After the soldiers were gone, Joseph and Mary and the baby slipped out from the tree. As Joseph prepared for the rest of the trip, Mary turned back. She looked at the tree, at the gap where it had closed its branches… and said, “Tree, thank you for the kindness you’ve shown. From now on you will not drop your needles as other trees drop their leaves. You will be ever-green. And when people see the gaps in your limbs, they will know that they are there because of the kindness you showed to a poor family running from soldiers to protect their child. That you enclosed us in your limbs and saved our lives.

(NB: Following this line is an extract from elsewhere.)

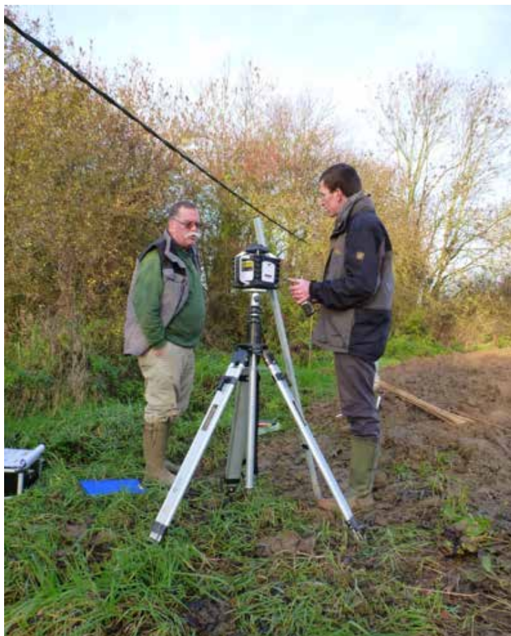
Placement des repères sur le terrain pour l'implantation des fascines en présence d'un expert de la cellule GISER et des exploitants agricoles.

Suivez l'évolution du niveau de la Senne en un clic Sur http://voies-hydrauliques.wallonie.be/opencms/opencms/fr/hydro/Actuelle/crue/cruetableau.do?id=5

Williams ends the story by saying, “I wish I had known that story when I was young and looking for trees. I don’t think I would have been so concerned about looking for the perfect one. When we got it home, I don’t think I would have cared if we put the gap to the corner. In fact, I think I might have wanted that gap right out front where everyone could see. And when neighbors came by, and when they said, “Look! There’s a gap in your tree!” I would say, “Yes. Indeed there is. Let me tell you a story of how that gap came to be.”


Maybe your Christmas was just perfect. I hope it was. I hope your Christmas was just the most beautiful, seamless, unblemished celebration you’ve ever had. I really do.

But if, for whatever reason, there were gaps in the rejoicing, gaps in the perfection – maybe you can let those gaps become a reminder of salvation. Salvation for you, or someone else.